ACTIVITY: An exact copy, beginning at the line containing "Rugged engine guard for improved protection." and ending at the final line of the records that follow, is the answer; it has no pictures and no other text.
*** Opening SUPPLIED DATA ***
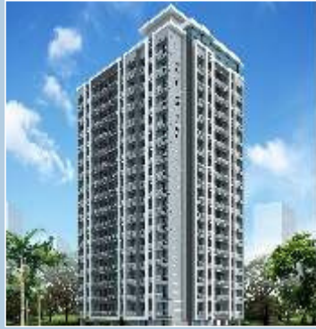
Hari OM Hari
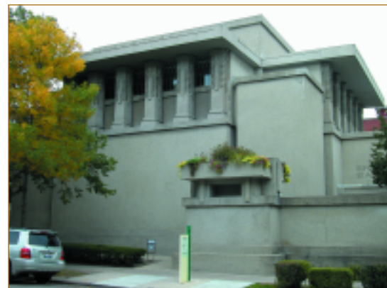
Unity Temple, 875 Lake St.

Temple, it otherwise lacks examples of Wright's mature Prairie School residential designs found in abundance in Oak Park in the Frank Lloyd Wright-Prairie School of Architecture Historic District. However, in its post-1900 houses, the Ridgeland-Oak Park Historic District does bear the unmistakable imprint of the Prairie School's more modern architectural style. During that time, many Prairie School architects, and the builders who popularized their work, began filling the area with simple, rectangular houses known as the American Foursquare, which were more symmetrical than the late Victorian homes. While a few homes were constructed of brick or wood, the more common use of light-colored stucco to cover the exterior wall surface marked a transition in building material and texture as striking as the stylistic evolution.
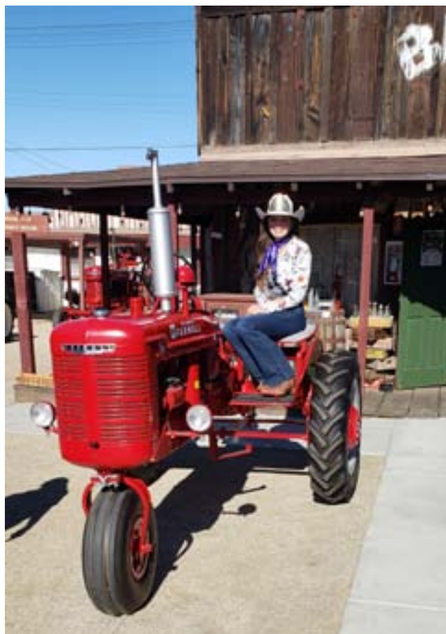
Even Rodeo Queens love tractors
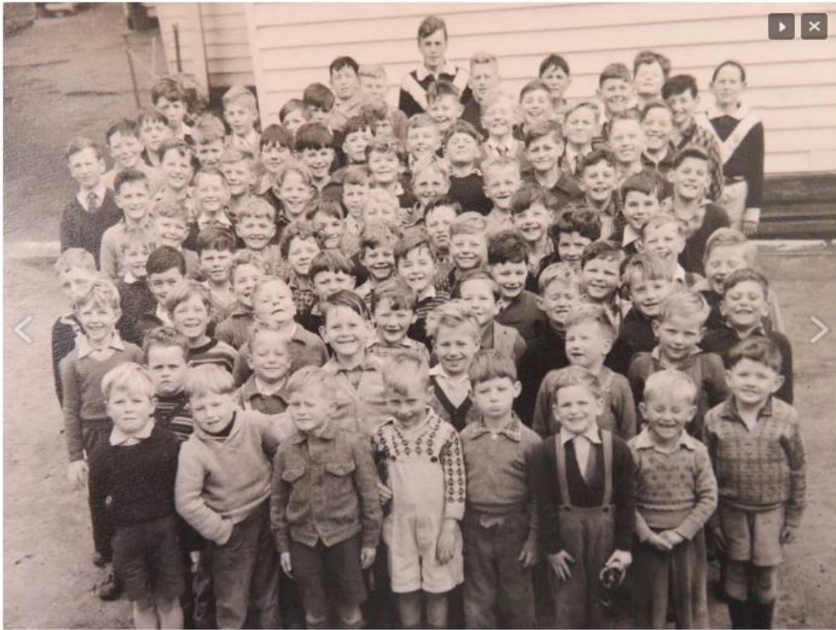
The-boys-of-Longwarry-School-1956 Item 37 of 62

The Boys Of Longwarry School 1956
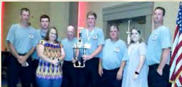
AAVFD Auxiliary Sportsmanship Award- Fulton VFD

Thomasville VFD Fulton VFD East Limestone VFD
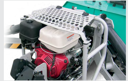
Rugged engine guard for improved protection.
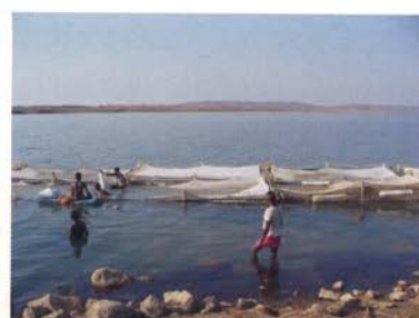
Cage culture at Essapur dam, Maharashtra
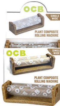
OCB® PLANT COMPOSITE SINGLE WIDE ROLLING MACHINE ITEM WP070 6 EA | 6 UN | 36 CA
*** Closing SUPPLIED DATA ***
FINISHED TASK:
Rugged engine guard for improved protection.
Cage culture at Essapur dam, Maharashtra
OCB® PLANT COMPOSITE SINGLE WIDE ROLLING MACHINE ITEM WP070 6 EA | 6 UN | 36 CA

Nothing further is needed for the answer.